While genuine mistakes can sometimes justify a fair dismissal, employers must still act reasonably and follow fair procedures. Clear communication, thorough investigations, and legal advice can help avoid costly missteps.
Health and Safety at Work: Why HR holds the keys
Health and safety isn’t just about hard hats and fire drills – it’s about creating a workplace where people are safe, supported and able to thrive. And HR sits right at the heart of that mission.
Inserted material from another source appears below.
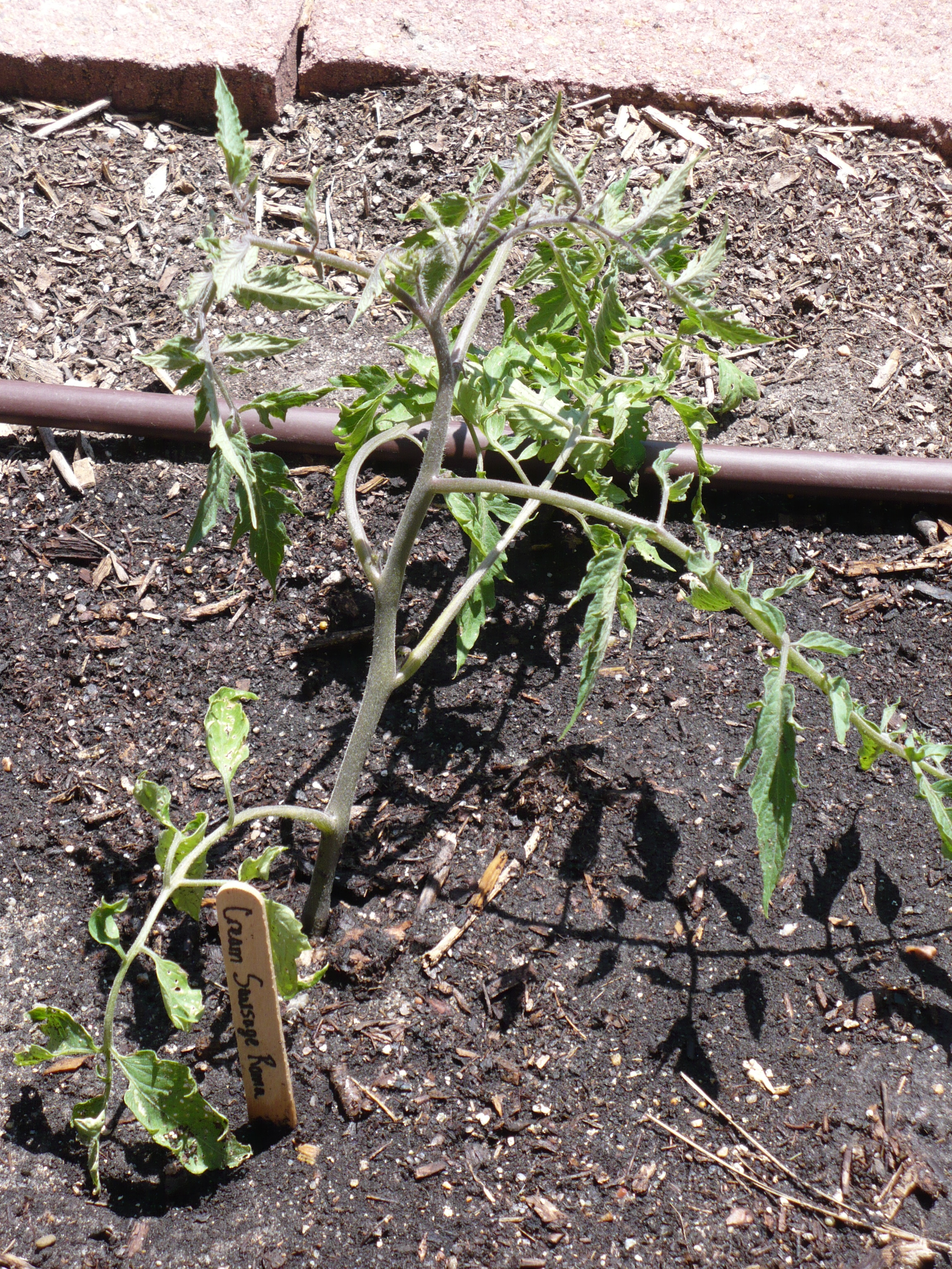This ‘Cream Sausage’ roma tomato is showing fairly typical symptoms of the tomato wilty gene. In my observations, it seems like Roma type tomatoes more often exhibit this problem. (This is not a scientific determination, just what I’ve experienced!) I also don’t know if this particular variety actually contains one of the mutated genes, just that it is showing that characteristic.

Employers have a legal duty under the Health and Safety at Work Act 1974 to ensure a safe working environment. We take a look at ways HR ‘get their hands dirty’ in this key area:
- Risk spotting and stress reduction
HR plays a key role in managing people-related risks, from stress and overwork to bullying and burnout. Under health and safety law, risks to both mental and physical health must be identified and controlled. HR is uniquely placed to drive this, especially in areas like workplace culture, stress, disability, pregnancy and mental health. - Making it safe to speak up
Health and safety concerns often overlap with whistleblowing. Workers are legally protected from detriment or dismissal for raising issues – and the consequences for employers can be significant if mishandled. HR must ensure there are safe, clear channels for raising concerns, and create a culture where speaking up is encouraged. - Keeping policies up to scratch
Every employer must have a health and safety policy. HR is often responsible for overseeing this – ensuring it sets out responsibilities and processes, and that it is shared with employees. - Competence and training
HR’s role in onboarding, training and performance management is crucial to making sure people are competent to do their jobs safely. - Preventing harassment
Toxic cultures harm wellbeing. With the new duty on employers to take reasonable steps to prevent sexual harassment, HR must lead the way with policy, training and swift action when problems arise. - Pregnancy risk management
When an employee notifies HR that they are pregnant, that conversation triggers a legal obligation. A specific risk assessment must be carried out for pregnant employees, and suitable adjustments made if needed. If risks cannot be removed, the employee may need to be suspended on full pay. HR’s role is critical in making sure this happens smoothly and sensitively.
Health and safety is, at its heart, a people issue. And HR are the people experts.
And finally, Bloomberg reports that large American corporates, struggling to enthuse their employees with ‘back to the office’ rhetoric, are employing ever more contrived job requirements and monitoring, to inject ‘joy’ into their workplaces. Examples cited include Tiffany & Co., where executives required staffers to post and engage more with ‘Tiffany Joy’, an internal app designed to boost morale. Employees mockingly gave the app a new nickname “Forced Joy”. Starbucks has introduced a requirement that employees add a handwritten note or emoji to each takeaway cup. Ideas were circulated by memo for employees who were unsure what to say. It seems that Starbucks cannot rely on employees being motivated to enhance customer experience and pass-on their own ‘joie de vivre’ organically, so are having to make it a job requirement.
As the Bloomberg article concludes, happy and engaged employees are good for business. But so is creating an environment where workers can effectively do their jobs and find their own sources of workplace joy. Companies might find that if they invest in the latter, the former will organically follow – no faking it required.